L’accord de règlement impose également à eToro l’obligation de renforcer plusieurs de ses procédures et contrôles afin d’empêcher les résidents de l’Ontario d’ouvrir des comptes sur sa plateforme. Ces procédures illustrent bien le genre de mesures que la CVMO s’attend à ce que les plateformes extraterritoriales non inscrites adoptent pour démontrer qu’elles sont dotées de contrôles adéquats permettant d’exclure les résidents ontariens. Outre la fermeture de tous les comptes appartenant à des résidents de l’Ontario, eToro s’est engagée à faire ce qui suit :
- interdire l’accès à son site Web aux adresses IP du Canada
- réviser sa procédure de demande d’ouverture de compte en ligne
- informer son service de vérification des données clients que les résidents du Canada ne sont pas autorisés à ouvrir des comptes
- adopter une politique écrite interdisant l’acceptation de clients provenant du Canada
- rejeter automatiquement les demandes d’ouverture de compte comportant des numéros de téléphone émanant du Canada ou des adresses utilisant le domaine de courrier électronique « .ca »
- pousser les vérifications lorsqu’un dépôt est fait au moyen d’une carte de crédit émise au Canada ou d’un télévirement provenant d’une institution financière canadienne de manière à s’assurer que le titulaire du compte réside bien à l’extérieur du Canada.
Un certain nombre de plateformes et de bourses de cryptomonnaies extraterritoriales auraient commencé à ouvrir des comptes créés par des investisseurs du Canada, à la condition que ceux-ci approvisionnent leurs comptes avec des cryptomonnaies plutôt qu’avec des fonds tirés sur une carte de crédit émise au Canada ou un télévirement provenant d’une institution financière canadienne. Dans ses motifs oraux au soutien de l’approbation du règlement, la CVMO ne s’est pas prononcée sur la légalité ou l’illégalité de cette façon de faire au regard de la législation en valeurs mobilières; toutefois, il semble peu probable que l’obligation faite aux résidents canadiens d’approvisionner leurs comptes avec des cryptomonnaies plutôt qu’avec des fonds de provenance canadienne suffise à soustraire ces plateformes à l’application de la législation canadienne en valeurs mobilières.

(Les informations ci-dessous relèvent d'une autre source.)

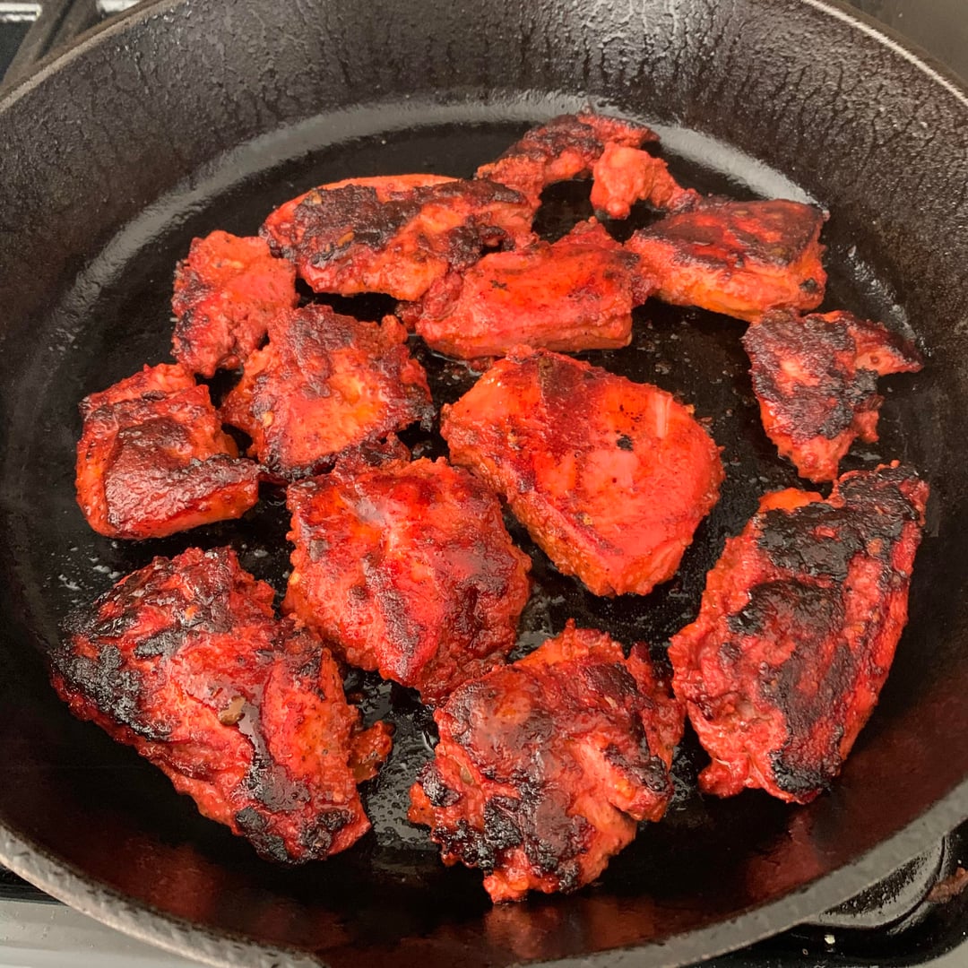In a separate bowl, mix greek yogurt, red food coloring, and oil together. Then add in the dry seasonings and mix until well combined and forms a paste.

La CVMO a rappelé qu’il est normal de s’attendre à ce que les firmes de courtage qui exercent des activités dans plusieurs territoires soient dotées de systèmes de conformité fiables assurant la légitimité des opérations qu’elles exécutent avec leurs clients. Sa décision rappelle avec force que les bourses et les plateformes de négociation extraterritoriales doivent d’emblée s’inscrire auprès de la CVMO ou chercher à obtenir une dispense d’application de la législation en valeurs mobilières de l’Ontario leur permettant d’offrir des titres aux investisseurs de cette province. À l’avenir, lorsqu’une plateforme lui soumettra une demande d’inscription, la CVMO examinera son comportement antérieur et ses éventuelles infractions à la législation en valeurs mobilières de l’Ontario avant de décider si elle agrée ou non à la demande et si elle doit l’assortir de conditions.
1 CVMO Staff Notice 91-702 - Offerings of Contracts for Difference and Foreign Exchange Contracts to Investors in Ontario (en anglais).
2 eToro (Europe) Limited, 2018 ONSEC 49 au para 24 (en anglais).